Welchen Ansatz verfolgt Triratna also, um der Lehre des Buddha ein zeitgemäßes und für Menschen im Westen effektiv praktizierbares Gewand zu geben? Das Hauptprinzip ist einfach: „Back to the basics!“ – eine Rückbesinnung auf die Grundprinzipien des Buddhismus, die von allen existierenden buddhistischen Traditionen akzeptiert und praktiziert werden. Sangharakshita sagt hierzu:

„Ich glaube, der Berg [von buddhistischen Praktiken] ist so hoch geworden, dass wir einfach zurückgehen müssen. Sonst haben wir Anhäufungen über Anhäufungen verschiedener Praktiken, die einander im Laufe der Zeit abgelöst haben. Du kannst ebenso gut einfach alle späteren Entwicklungen fallen lassen und zum Ursprünglichen zurückkehren, zu dem, was näher an der Zeit des Buddha und am Buddha selbst liegt.

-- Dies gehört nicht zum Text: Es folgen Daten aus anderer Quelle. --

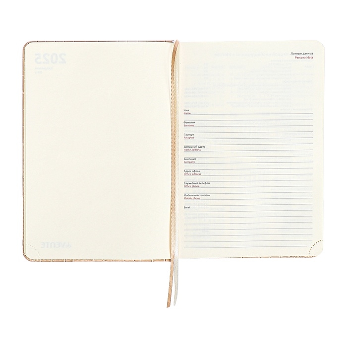 Ежедневник датированный 2025 A5 168 листов, deVENTE.Barbara, твердая обложка кожзам с поролоном, хлястик, перфорация, ляссе, блок 70, бежевый

Wir können dies dank unserer historischen Perspektive [auf die Entwicklung des Buddhismus] tun, wohingegen die meisten Buddhisten diese Möglichkeit bisher nicht hatten.“

Aus dieser Rückbesinnung auf die Kernlehren des Buddha und das bewusste kritische Hinterfragen all der kulturellen Anhäufungen, die sich im Laufe der letzten 2.500 Jahre herausgebildet haben, ergeben sich eine Reihe von Schwerpunkten, die buddhistische Praxis im Kontext von Triratna charakterisieren:

  • Ein „ökumenischer“ Ansatz: Wir suchen nach den grundlegenden Prinzipien und Wahrheiten hinter den spezifischen kulturellen Formen des Buddhismus und ziehen dabei sowohl Inspiration als auch Praktiken aus der gesamten buddhistischen Tradition.
  • Die Zentralität von Zufluchtnahme: Am wichtigsten ist unsere Selbstverpflichtung zu spirituellem Wachstum, während die Art und Weise, wie wir diese Selbstverpflichtung in die Praxis umsetzen, von Person zu Person und von Lebensabschnitt zu Lebensabschnitt variiert.

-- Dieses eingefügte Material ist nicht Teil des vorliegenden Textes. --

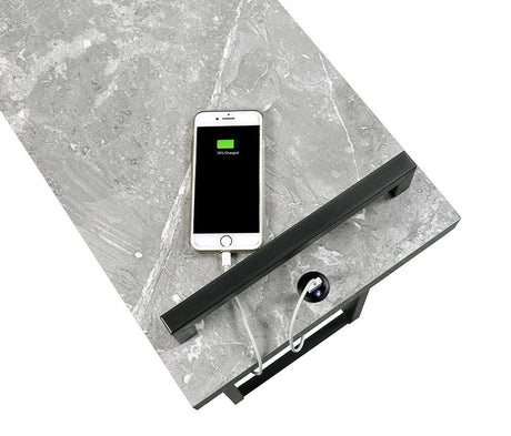Lainey Faux Marble Round Top End Table Grey and Gunmetal

  • Die Einheit des Ordens und der Gemeinschaft: Wir bieten einen offenen und inklusiven Kontext spiritueller Praxis für alle – es werden keine Unterschiede auf Basis von Geschlecht, Herkunft, Nationalität, Alter oder sexueller Orientierung gemacht.
  • Die Wichtigkeit von Freundschaft: Tiefe Freundschaften, sowohl mit erfahreneren Praktizierenden als auch mit denjenigen, die auf einer ähnlichen Ebene wie wir praktizieren, ist aus unserer Sicht ein zentraler Teil effektiver spiritueller Praxis.

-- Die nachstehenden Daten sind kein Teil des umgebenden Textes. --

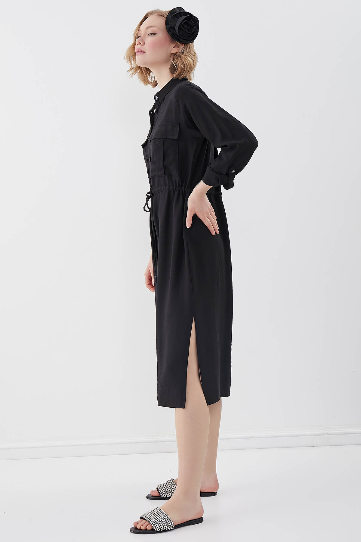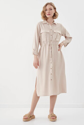 Beli Bağlamalı Çift Cep Gömlek Elbise

  • Die Wichtigkeit von Arbeit: Arbeit, besonders solche, die eine altruistische oder spirituelle Motivation hat, erlaubt es uns, unsere Energie zu unserem eigenen Wohl und zum Wohl anderer einzusetzen und so Stagnation und Untätigkeit zu vermeiden.
  • Die Wichtigkeit von Kunst: Kunst erweitert unsere Vorstellungskraft, verfeinert unser emotionales Erleben und richtet unsere Emotionen auf heilsamere Geisteszustände aus und kann spirituelle Werte auf ästhetische Art und Weise kommunizieren.